It is disappointing to see a Christian fulfill what I would have thought was a tired stereotype: asserting that a rival belief or argument is ultimately based on immorality. Aside from being a conversation-stopper, in today’s world it seems to exude the bunker mentality of a subculture that does not want to sincerely engage with the world around it. Jim Spiegel has written a short article in Christianity Today that implies “New Atheists” are atheists because they cannot overcome their irrational passions. He even goes so far as to suggest that unbelief might be best fought by traditional family values, a conclusion derived from another scholar who claims that many prominent atheists in history had what amount to father issues.
Between the Reformation and the Enlightenment in Europe atheism was generally thought to be the product of immoral and irreligious practices. If you held unorthodox beliefs it was widely believed that this was caused by a sensual desire to live as one pleased, reaching back to the primordial sin of Adam’s pride. Francis Bacon, for example, begins his essay “Of Atheisme” (1598) with an exegesis of Psalm 14:1, “The fool hath said in his heart, there is no God.” Bacon interpreted the Psalm as saying that an atheist denied God in his heart, and not in his mind, because he wished to live as he pleased, not because he had intellectual reasons to deny God’s existence. After all, if the atheist turned to nature and investigated it rationally, Bacon insisted that he must conclude that an omnipotent being created and now sustained the natural world. The exact same exegetical approach was taken in hundreds of texts in the early modern period. And Jim Spiegel uses the same verse to promote his book, The Making of an Atheist: How Immorality leads to Unbelief, and insists that atheists adopt unbelief because of the non-rational pull of the passions.
The argument that unbelievers and atheists were incapable of virtue was one that died hard in European culture—it was a scandal when Pierre Bayle suggested (1682, Pensées diverses sur le comète de 1680) that an atheist could be virtuous and that a society of atheists could exist. It wouldn’t be until the late nineteenth century that an avowed atheist by the name of Charles Bradlaugh could sit as a Member of Parliament in Britain. Americans still report that they desire politicians with traditional religious values as their representatives, which seems to suggest that politicians who do not believe in a traditional God are somehow untrustworthy or incapable of serving as political representatives because of their unbelief.
When Christians argue that atheists are atheists because of an underlying immorality they seem to be positing a simple relationship between belief and practice that has long since been rejected. At least the return of virtue ethics, perhaps most famously associated with the philosopher Alasdair MacIntyre, has given a philosophically sophisticated account of the relationship between practice and belief in a way that does not reduce the question to an oversimplified—not to say patently false—alternative between morality and immorality. Whatever one makes of MacIntyre’s project, he saw the need to give an account for how the connection between belief and practice was undermined in submitting the Enlightenment philosophy of David Hume, whom he perceived to represent that separation, to philosophical criticism, building upon philosophy’s history. In other words, MacIntyre recognizes that we cannot make an argument today about the relationship between belief and practice without accounting for the history of that relationship’s conception.
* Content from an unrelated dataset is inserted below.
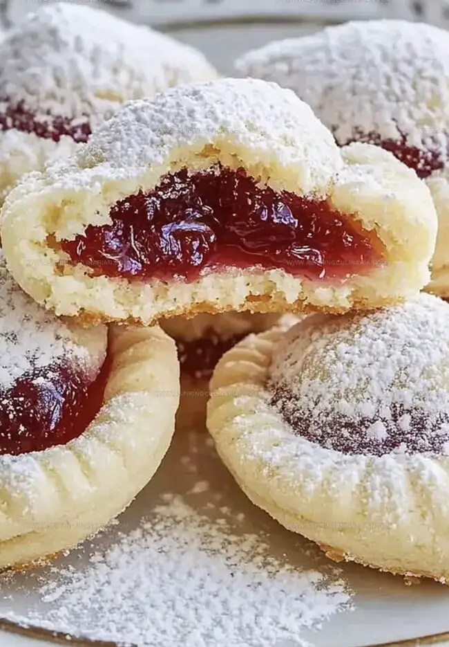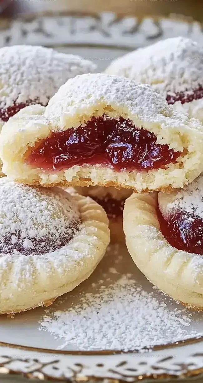 Dust generously with powdered sugar, creating a delicate, snow-like coating that makes these cookies absolutely irresistible.

Put simply, there is no going back. There can be no pre-critical, “naive” argument about belief and practice—linking unbelief to immorality—that simply ignores the work of modern critical philosophy and its history. We cannot settle for seemingly neat solutions—in this case dismissals—in place of critical thinking; nor can we accept terms of debate that end dialogue rather than foster it. Again, even if you do not agree with MacIntyre, at least his position is taken critically and is articulated in such a way that it actually opens itself up to be contested in a rational way. Arguing that atheism is the product of immorality as Spiegel does is a shallow way of short-cutting the work of actually engaging with the arguments of others, especially those with alternative beliefs, on sincere terms. If we cannot convince a partner in dialogue of our position, we cannot maintain today that another position is wrong simply because we find it to be “non-rational.” This would seem to be all the more true given the fact that what one person calls non-rational, another calls conviction.
As Christians when we flatten dialogue into a stale debate we only contribute to the work of enclosure, of sealing up our ears so that we can no longer hear any divergent voice, let alone the Voice that we faithfully presume speaks to us. In order to have ears to hear, and eyes to see, we must be vigilant against all forms of distortion, including the distortion of philosophical simplification and prejudice, of silencing those we disagree with under the false banner of irrationality and immorality.